Although the fascist right claims to reject egocentric interests for the higher interests of the Nation, a key to understanding its inner logic is to penetrate past this ideological pretext to the unlimited self-interest which, in fact, governs its membership — from the absolute egomania of its leadership to the extraordinary self-serving blindness of its “ordinary citizens” (usually while the Nation itself is in the process of devastation: see note 11). Fascism's success at mass killing and imprisonment seems, indeed, dependent on this restricted concept of self — “it's not me” — inhabiting the outlook of the public it rules.
33 One way in which the centrist concept of self falls between the right and left “extremes” is by being non-relational altogether, as with the standard philosophical concepts of the self as nothing more than one's own memory and/or bodily continuity.
34 “A state is a community that (successfully) claims the monopoly of the legitimate use of physical force within a given territory” (From Max Weber, ed. Mills, C. Wright Oxford University Press, New York, 1970, p. 78Google Scholar).
Corresponding to Weber's criterion of the state is the diplomatic criterion, by which governments are normally recognized if they have demonstrated that they can enforce their commands across the territory over which they claim to preside.

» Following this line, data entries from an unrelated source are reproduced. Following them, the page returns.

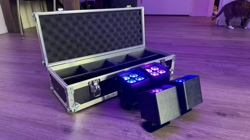 4x Battery uplight IP65 with RGBW LEDs met koffer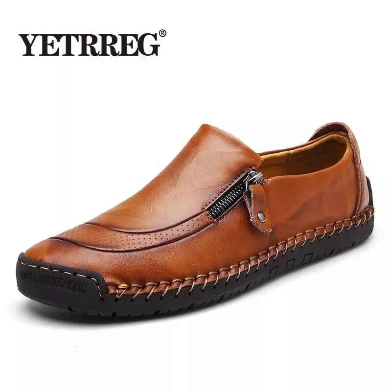 Мужские лоферы из натуральной кожи Vancat, коричневые Повседневные Дышащие лоферы на плоской подошве, обувь для вождения, большой размер 38-48, 2019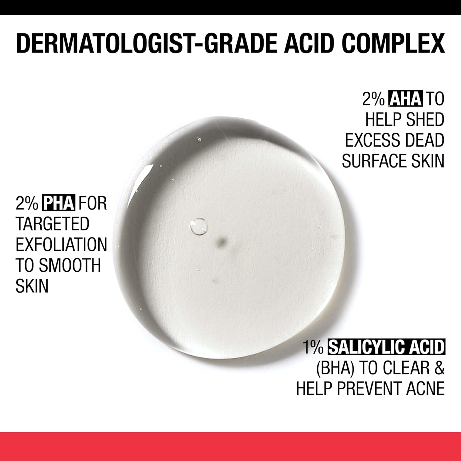 The dermatologist grade acid complex contains 2% glycolic acid (AHA) to help loosen and shed excess dead surface skin plus 2% polyhydroxy acid (PHA) for targeted exfoliation to clear and smooth skin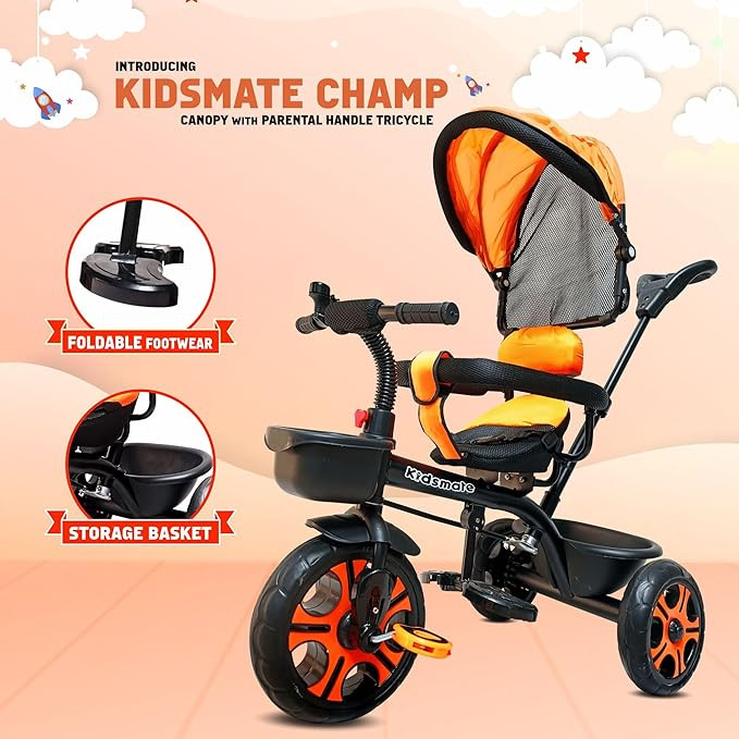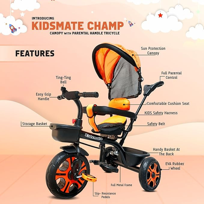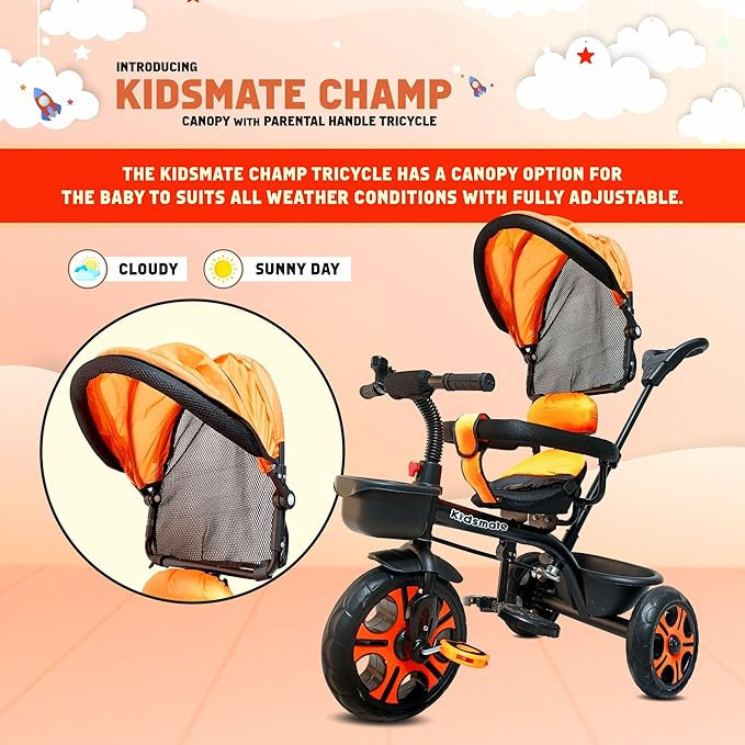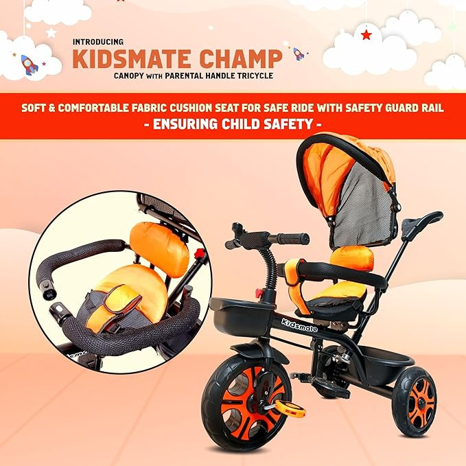 Kidsmate Champ Tricycle with Canopy Plug N Play Kids/Baby Tricycle with Safety Guard Rail and Parental Control | Fabric Cushion Seat & Bell for 12 Months to 48 Months Boys/Girls (Black_Orange)

35 Jesus is not the pure pacifist he is made out to be in Church teachings; but in fact even in the Gospel accounts selected as canonical by the Church authorities, predicts and endorses violent revolutionary upheavals:
You will hear of wars and rumors of wars; do not be alarmed, for this is something that must happen …. All this is only the beginning of the birth-pangs. (Matt. XXIV:6-8)
Intriguingly, Karl Marx uses precisely the same language of “birth-pangs“ in his rather better known prediction and endorsement of revolutionary violence.
36 The common philosophical position that force on behalf of the law is not properly conceived as “violence” is proof of this predilection. Such a position, however, yields obvious anomalies of description: for example, the legally sanctioned killing of millions of Jews counts, according to it, as not violent.